The bespectacled old woman has not been fazed by what she considers a temporary slump in the cryptocurrency market, a downturn that has forced some large commercial bitcoin mining companies to cut back on production. “I want some money that I’ve earned myself. And I want lots of it,” said Valeriya, with the infectious laugh of a very satisfied soul.
Siberian bitcoin miners, locally known as babushaks, are extremely bullish about the future of mining despite existing market headwinds, which have seen BTC plunge more than 80 percent from its all-time-high of almost $20,000 in December. Coupled with the price decline, bitcoin mining is becoming less profitable as a result of the network’s rising hashrate.
With freezing weather and cheap electricity, Irkutsk is a Russian miners’ paradise. The cooler temperatures help to reduce the need for cooling systems for the mining hardware. Enterprising babushaks eye long-term profits and use the heat emitted from the mining gear to dry their agricultural produce.
Yuri, Valeriya’s son, is considered a pioneer in the extraction of bitcoin in the Irkutsk region, according to the BBC report. He took up mining when his karaoke business began struggling. Now he operates the mining farm with his family in a city he claims to be the “crypto-capital of Russia.” Yuri explained:
For this business you don’t need to be a great specialist because it’s an easy system. You only put your computers in the electricity and the internet.
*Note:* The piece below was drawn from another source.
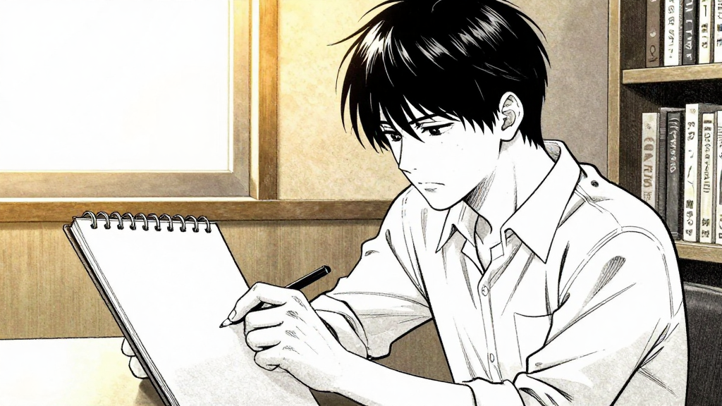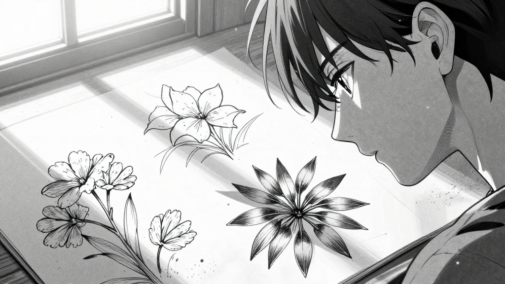 Joseph stands in his cluttered studio, surrounded by botanical sketches and scattered tools.

Market Downturn Takes a Toll on Commercial Miners
While the small miners are unfazed by the crypto slowdown of 2018, some large commercial bitcoin operations have scaled down. After posting an extraordinary loss of 24 billion yen ($218 million), Japanese bitcoin mining hardware manufacturer GMO Internet Inc. wound down operations last week, although it will continue to mine in-house. The company also announced that it is moving its mining centre to a region with cleaner and less expensive energy.
“Regarding the current mining machine markets, the environment is increasingly competitive because of the decreased demand mainly due to the decline in the cryptocurrency price, the decline in the sales price, etc,” GMO’s announcement read. Other medium-sized miners in China were recently forced to sell their mining rigs as scrap, to curb further losses.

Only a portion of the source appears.